On 9 December 1747, the property was sold by auction for 1,501 eigsdaler to royal building master Jacob Fortling. He acted on behalf of Jacob Barchmann, who already owned the adjacent Barchmann Mansion at the corner of Frederiksholms Kanal.

The existing building was in 1757 replaced by a new four-storey building. The identity of the architect is not known but it is believed that it was designed by Philip de Lange who had also constructed Barchmann's first mansion at the site. It is assumed that the building was constructed as a rental property.

Barchmann's properties were on 11 March 1779 sold to John and William Brown. The jurist Christian Martfelt (1728-1790) resided in the building in the years 1774–1779.

Kohn and William Brown's firm went bankrupt in 1787. Their properties at the corner of Frederiksholms Kanal at Ny Kongensgade were subsequently sold by auction on 21 February 1788 to different buyers.
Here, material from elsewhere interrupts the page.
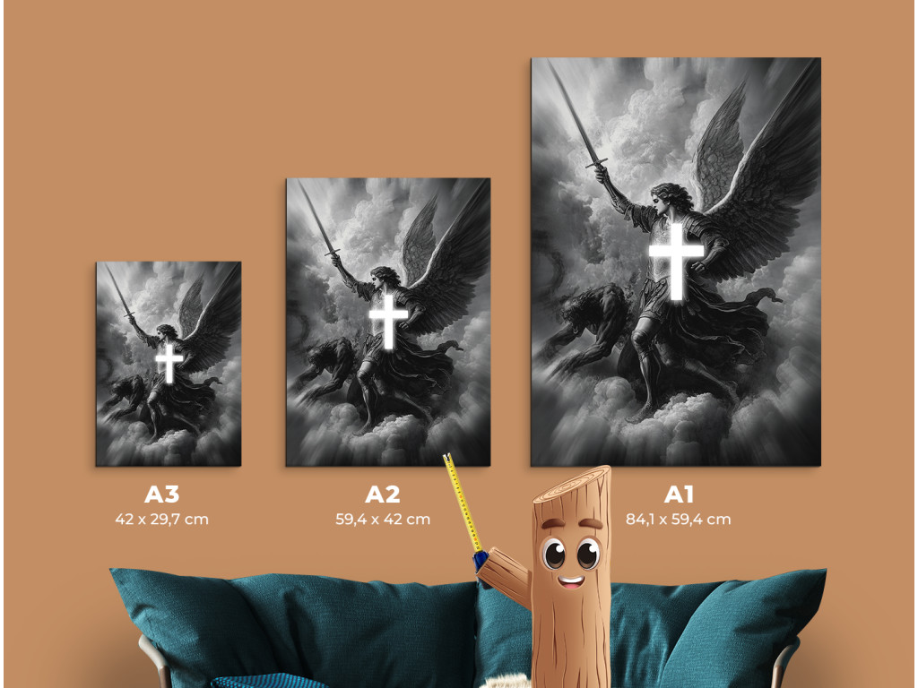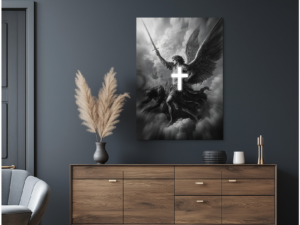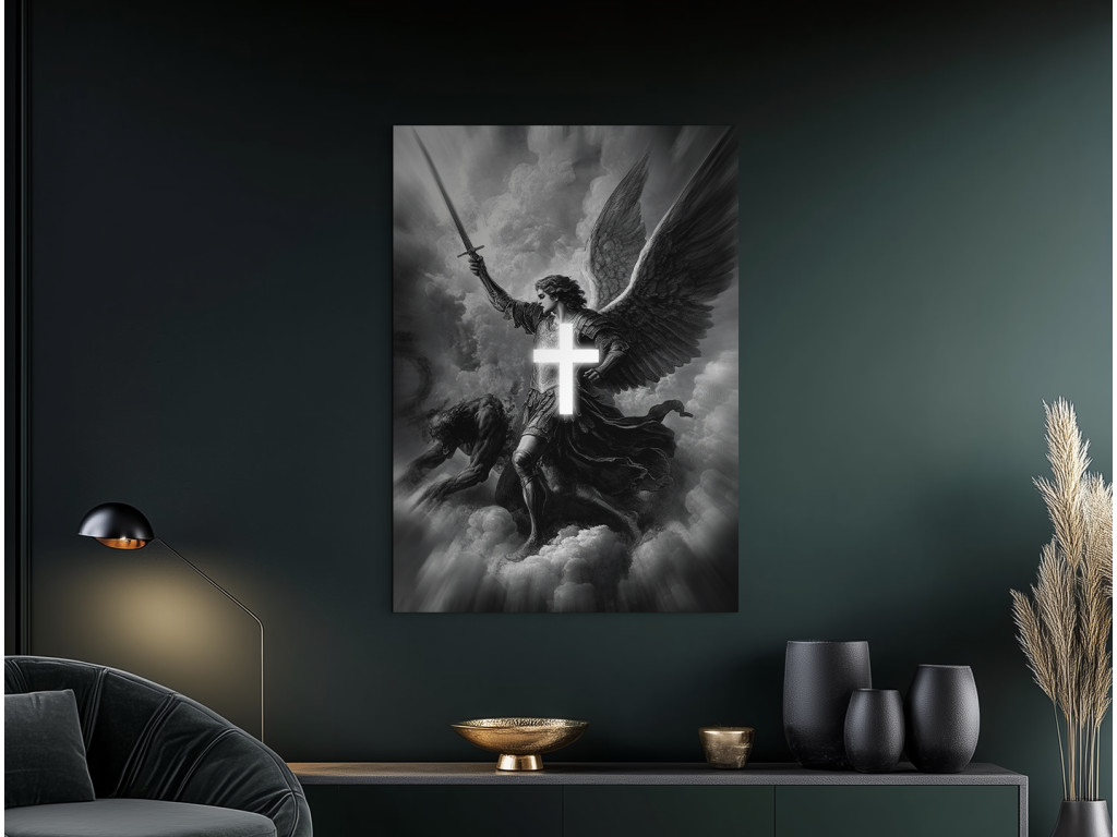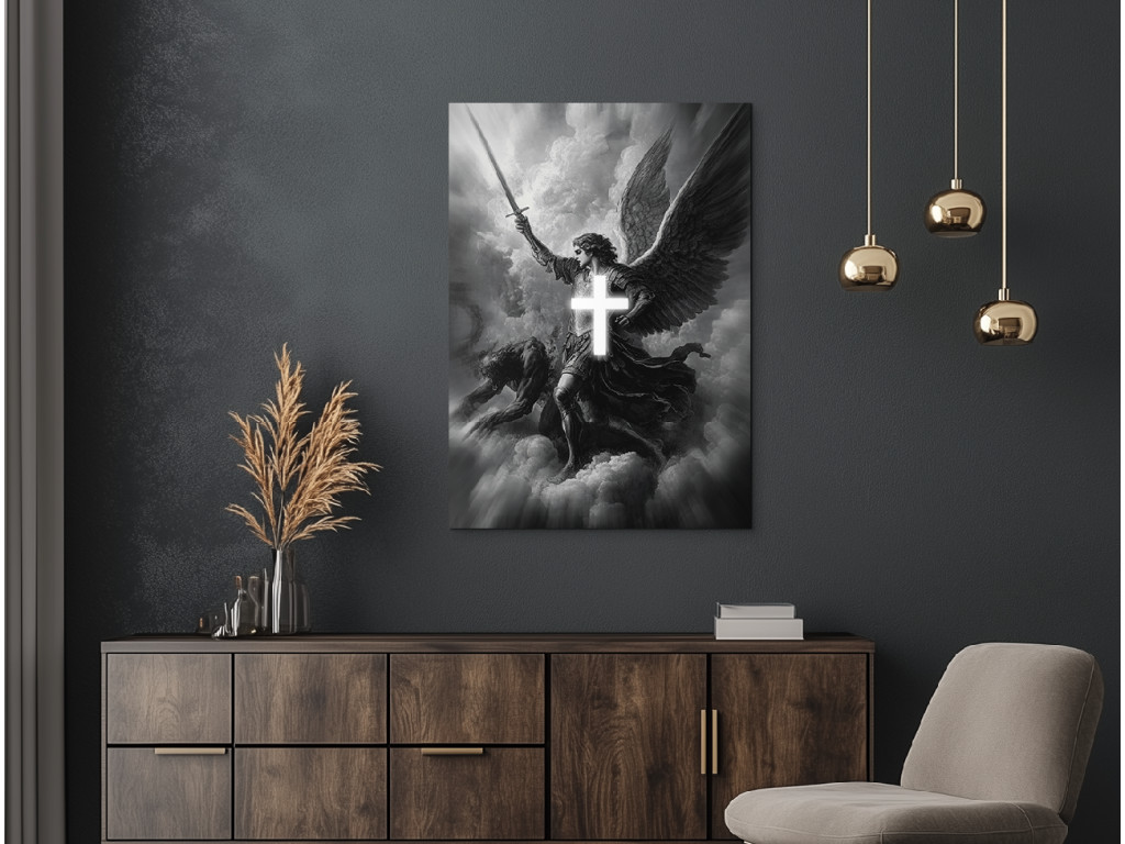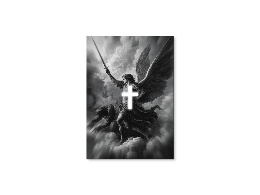 Das Bild zeigt den Erzengel Michael, den legendären himmlischen Krieger, wie er entschlossen mit seinem Schwert dasteht, bereit, das Böse zu besiegen. Seine Haltung, sein Heiligenschein und seine markante Rüstung verkörpern Schutz, Gerechtigkeit und göttliche Macht. Als Symbol für den Sieg des Lichts über die Dunkelheit ist Michael der Schutzpatron der Krieger und der Schild des Glaubens.

No. 340 C was sold to Ove Malling for 4,865 rigsdaler. The large corner mansion (No. 341 B) was sold to the lawyer Christopher Hansteen for 12,010 rigsdaler. No. 341 was sold to warehouse manager Ole Christensen for 11,700 rigsdaler.

===19th century===
Matthias Holten, father of professor Carl Holten, purchased the building in 1812.
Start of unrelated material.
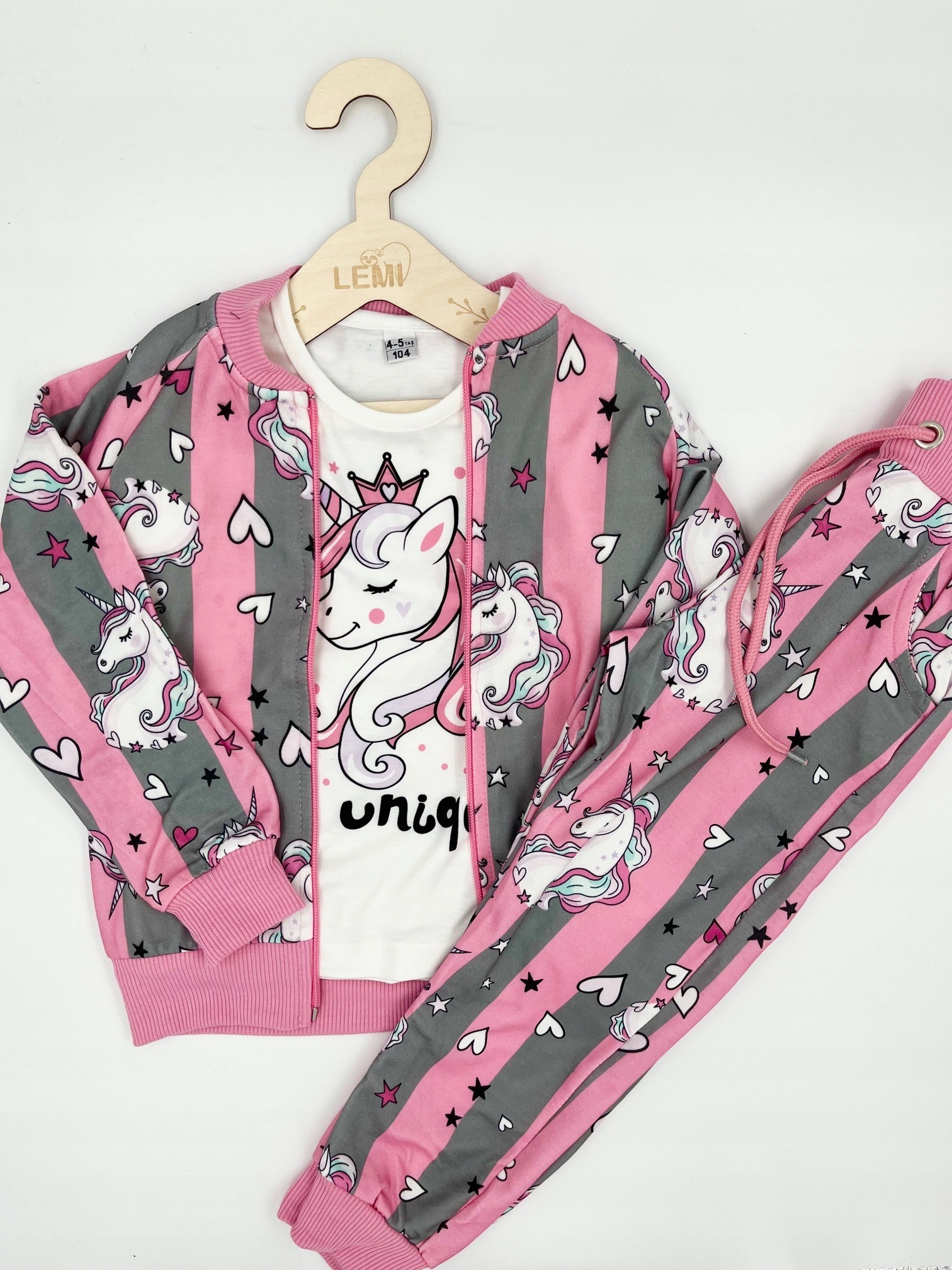 Набір від турецької фірми. Бавовна преміум якості. Світшот єдиноріг, манжети внизу світшота та на кінці рукавів. У комплект входить блузка з довгим рукавом і єдинорогом, світшот на блискавці та спортивні штани з регульованою талією та кишенями. Можна носити в комплекті або в інших комплектах.

The building was from 1841 to 1853 owned by Albert Bartholin Hagen. He refurbished the building. The property was in 1877 acquired by merchant Gunni Busck, owner of Scandinavian Preserved Butter company, who that same year also founded Københavns Mælkeforsyning. Busck resided in the building with a housekeeper and a maid at the time of the 1880 census. The only other residents were the concierge August Frederik Mansen, his wife Marie Christiane Mansen and their 11-year-old son.

Busck had gas, plumbing and electricity installed in 1885.

===20th century===
The mansion was in 1917 sold to Henri Odewahn. He was the owner of the leading tea company C. J. Carøe. He refurbished the building with the assistance of the architect Bent Helweg-Møller to. Odewahn was also the owner of the country house Rågegården in Rågeleje.